**Task item:** The copy must match the data word for word and contain no pictures.

**Input data:**
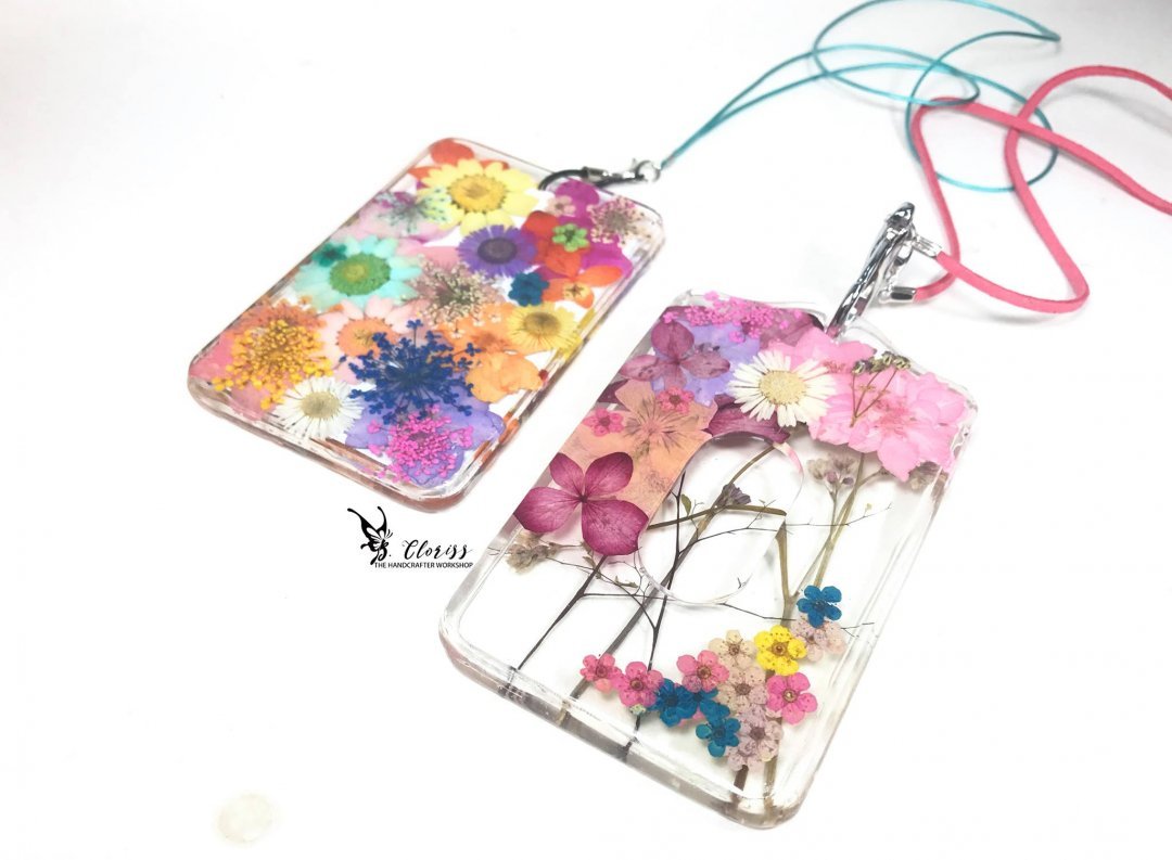 以鮮花經押花器快速抽乾花中的水份, 壓製而成的押花,能保持花的美態和鮮艷的色彩,課堂教授將花配合透明度高的水晶滴膠,製作成各種押花藝術品。
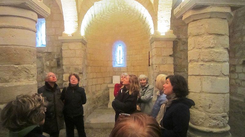 Implantée à l'angle de la rue Notre-Dame et de la rue du 8-Mai-1945, la chapelle est un bâtiment rectangulaire orienté et organisé en deux niveaux. La chapelle basse comporte trois vaisseaux de deux travées chacun, soit six travées au total, voûtées en arêtes et séparées par des arcs-doubleaux en plein cintre à arêtes vives. Ces arcs retombent sur deux piliers cylindriques isolés au centre et sur des piliers carrés engagés contre les murs latéraux ; tous les supports portent des tailloirs profilés composés d'une tablette et d'un cavet peu profond entre deux faibles ressauts. Le pilier isolé côté nord présente un chapiteau d'inspiration dorique et un appareillage en tambour, tandis que le pilier isolé côté sud porte un second tailloir octogonal, profilé d'une plate-bande et d'un chanfrein, et un appareillage moins régulier ; les deux sont pourvus de bases moulurées formées d'un tore, d'une scotie et d'un grand tore. Ni les voûtes ni les supports ne relèvent d'une facture strictement romane, et le chapiteau dorique évoque plutôt une période classique. Le vaisseau central s'achève par une absidiole en cul-de-four reconstituée lors des travaux des années 1980. L'éclairage provient de très petites fenêtres en plein cintre fortement évasées : deux à l'ouest, une au nord, une au sud et trois à l'est — dont une éclaire l'absidiole — les ébrasements se limitant aux piédroits et à l'archivolte ; la fenêtre du chevet du vaisseau nord est aujourd'hui rectangulaire. À l'extérieur, plusieurs baies présentent des linteaux monolithiques à claveaux simulés. La chapelle haute, moins remarquable, est accessible par un escalier extérieur côté nord et couverte d'un plafond de bois.
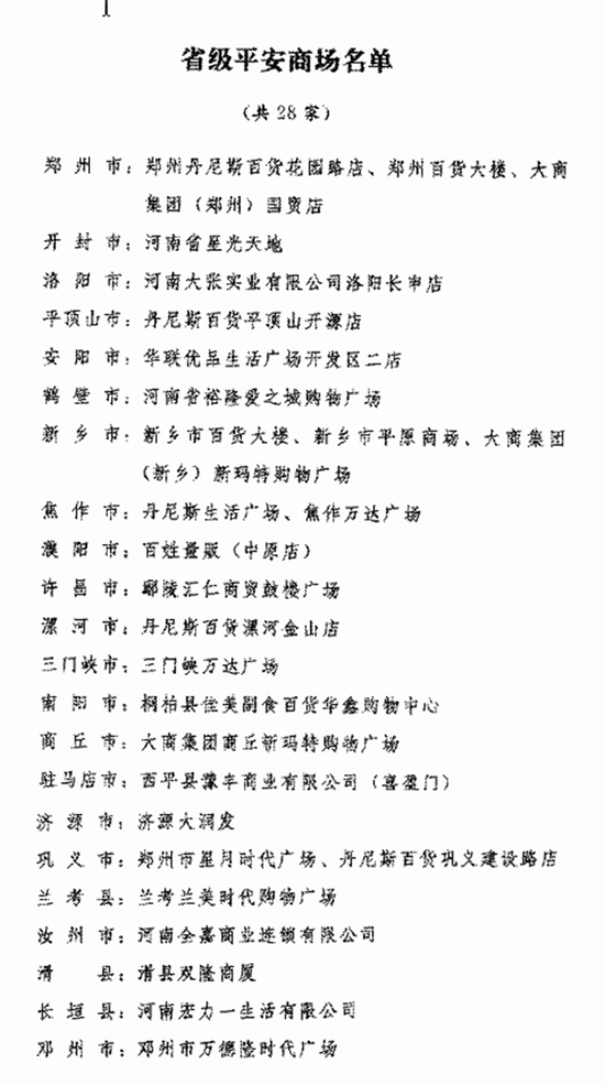 (資料圖片 猛犸新聞·東方今報記者 邱琦 攝)據了解,近年來,全省深入開展“平安商場”創建活動,活動已被納入各地年度綜治和平安建設評價考核體系。此次,鄭州市共有5家商場被命名為“平安商場”,分別是:鄭州丹尼斯百貨花園路店、鄭州百貨大樓、大商集團鄭州國貿店、鄭州市星月時代廣場、丹尼斯百貨鞏義建設路店。此外,河南大張實業有限公司洛陽長申店、丹尼斯百貨平頂山開源店、安陽市華聯優品生活廣場開發區二店、新鄉市百貨大樓、新鄉市平原商場、大商集團新鄉新瑪特購物廣場、焦作萬達廣場等23家商場同時入圍。
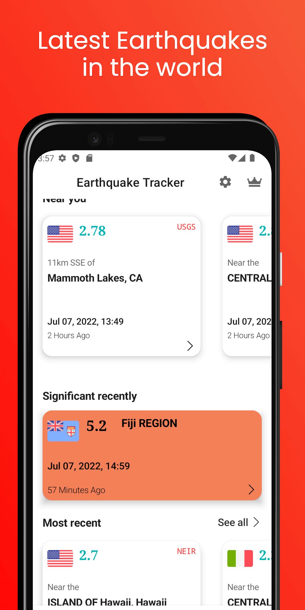 The Earthquake Mod APK app displays recent US and global earthquakes. An earthquake tracking app can notify you immediately. So, every smartphone needs it!Earthquake App fetches data from various reliable sources and informs users about earthquakes worldwide with detailed information and statistic. That helps users see all the dangers or damage done by the earthquake within the required time for every detail. Thus, the app is helpful and can assist anyone in watching out for earthquakes in nearby locations.WATCH FOR EARTHQUAKES WORLDWIDE WITH SIMPLE VIEWSYou will be able to watch the most recent earthquakes that have taken place in the United States and elsewhere in the world if you use the app’s database or report in real-time. The application can send you a notification as quickly as it can following the occurrence of an earthquake. As a result, it is an application that should be standard on all contemporary mobile devices and keep everyone safe from harm done by earthquake damage and its influence on the surrounding.CHECK FOR ANY RECENT EARTHQUAKES STATISTICSThe “Featured” section includes a variety of highlights, some of the most notable of which include the most recent tremors in your location, the greatest earthquakes that have occurred, and information about recent earthquakes. Everything will be accounted for in detail, and you can expand or lessen how you want to check the information while keeping up with everything within the app. Besides, you can check for related news of the recent earthquakes for more reports from the local or onsight victims.VIEW THE WORLD MAP FOR PRECISE EARTHQUAKE LOCATIONSThe app features a 3D world map with different view modes so you can watch the recent earthquake locations thanks to the database provided by reliable sources. Besides, suppose you mark any locations on the map. In that case, the app will send a notification for any earthquakes happening in that specific area, or you can catch new information from the app for any new earthquake. That makes the app special and crucial for anyone habiting nearby any center of an earthquake.

**Result below:**
 以鮮花經押花器快速抽乾花中的水份, 壓製而成的押花,能保持花的美態和鮮艷的色彩,課堂教授將花配合透明度高的水晶滴膠,製作成各種押花藝術品。
 Implantée à l'angle de la rue Notre-Dame et de la rue du 8-Mai-1945, la chapelle est un bâtiment rectangulaire orienté et organisé en deux niveaux. La chapelle basse comporte trois vaisseaux de deux travées chacun, soit six travées au total, voûtées en arêtes et séparées par des arcs-doubleaux en plein cintre à arêtes vives. Ces arcs retombent sur deux piliers cylindriques isolés au centre et sur des piliers carrés engagés contre les murs latéraux ; tous les supports portent des tailloirs profilés composés d'une tablette et d'un cavet peu profond entre deux faibles ressauts. Le pilier isolé côté nord présente un chapiteau d'inspiration dorique et un appareillage en tambour, tandis que le pilier isolé côté sud porte un second tailloir octogonal, profilé d'une plate-bande et d'un chanfrein, et un appareillage moins régulier ; les deux sont pourvus de bases moulurées formées d'un tore, d'une scotie et d'un grand tore. Ni les voûtes ni les supports ne relèvent d'une facture strictement romane, et le chapiteau dorique évoque plutôt une période classique. Le vaisseau central s'achève par une absidiole en cul-de-four reconstituée lors des travaux des années 1980. L'éclairage provient de très petites fenêtres en plein cintre fortement évasées : deux à l'ouest, une au nord, une au sud et trois à l'est — dont une éclaire l'absidiole — les ébrasements se limitant aux piédroits et à l'archivolte ; la fenêtre du chevet du vaisseau nord est aujourd'hui rectangulaire. À l'extérieur, plusieurs baies présentent des linteaux monolithiques à claveaux simulés. La chapelle haute, moins remarquable, est accessible par un escalier extérieur côté nord et couverte d'un plafond de bois.
 (資料圖片 猛犸新聞·東方今報記者 邱琦 攝)據了解,近年來,全省深入開展“平安商場”創建活動,活動已被納入各地年度綜治和平安建設評價考核體系。此次,鄭州市共有5家商場被命名為“平安商場”,分別是:鄭州丹尼斯百貨花園路店、鄭州百貨大樓、大商集團鄭州國貿店、鄭州市星月時代廣場、丹尼斯百貨鞏義建設路店。此外,河南大張實業有限公司洛陽長申店、丹尼斯百貨平頂山開源店、安陽市華聯優品生活廣場開發區二店、新鄉市百貨大樓、新鄉市平原商場、大商集團新鄉新瑪特購物廣場、焦作萬達廣場等23家商場同時入圍。
 The Earthquake Mod APK app displays recent US and global earthquakes. An earthquake tracking app can notify you immediately. So, every smartphone needs it!Earthquake App fetches data from various reliable sources and informs users about earthquakes worldwide with detailed information and statistic. That helps users see all the dangers or damage done by the earthquake within the required time for every detail. Thus, the app is helpful and can assist anyone in watching out for earthquakes in nearby locations.WATCH FOR EARTHQUAKES WORLDWIDE WITH SIMPLE VIEWSYou will be able to watch the most recent earthquakes that have taken place in the United States and elsewhere in the world if you use the app’s database or report in real-time. The application can send you a notification as quickly as it can following the occurrence of an earthquake. As a result, it is an application that should be standard on all contemporary mobile devices and keep everyone safe from harm done by earthquake damage and its influence on the surrounding.CHECK FOR ANY RECENT EARTHQUAKES STATISTICSThe “Featured” section includes a variety of highlights, some of the most notable of which include the most recent tremors in your location, the greatest earthquakes that have occurred, and information about recent earthquakes. Everything will be accounted for in detail, and you can expand or lessen how you want to check the information while keeping up with everything within the app. Besides, you can check for related news of the recent earthquakes for more reports from the local or onsight victims.VIEW THE WORLD MAP FOR PRECISE EARTHQUAKE LOCATIONSThe app features a 3D world map with different view modes so you can watch the recent earthquake locations thanks to the database provided by reliable sources. Besides, suppose you mark any locations on the map. In that case, the app will send a notification for any earthquakes happening in that specific area, or you can catch new information from the app for any new earthquake. That makes the app special and crucial for anyone habiting nearby any center of an earthquake.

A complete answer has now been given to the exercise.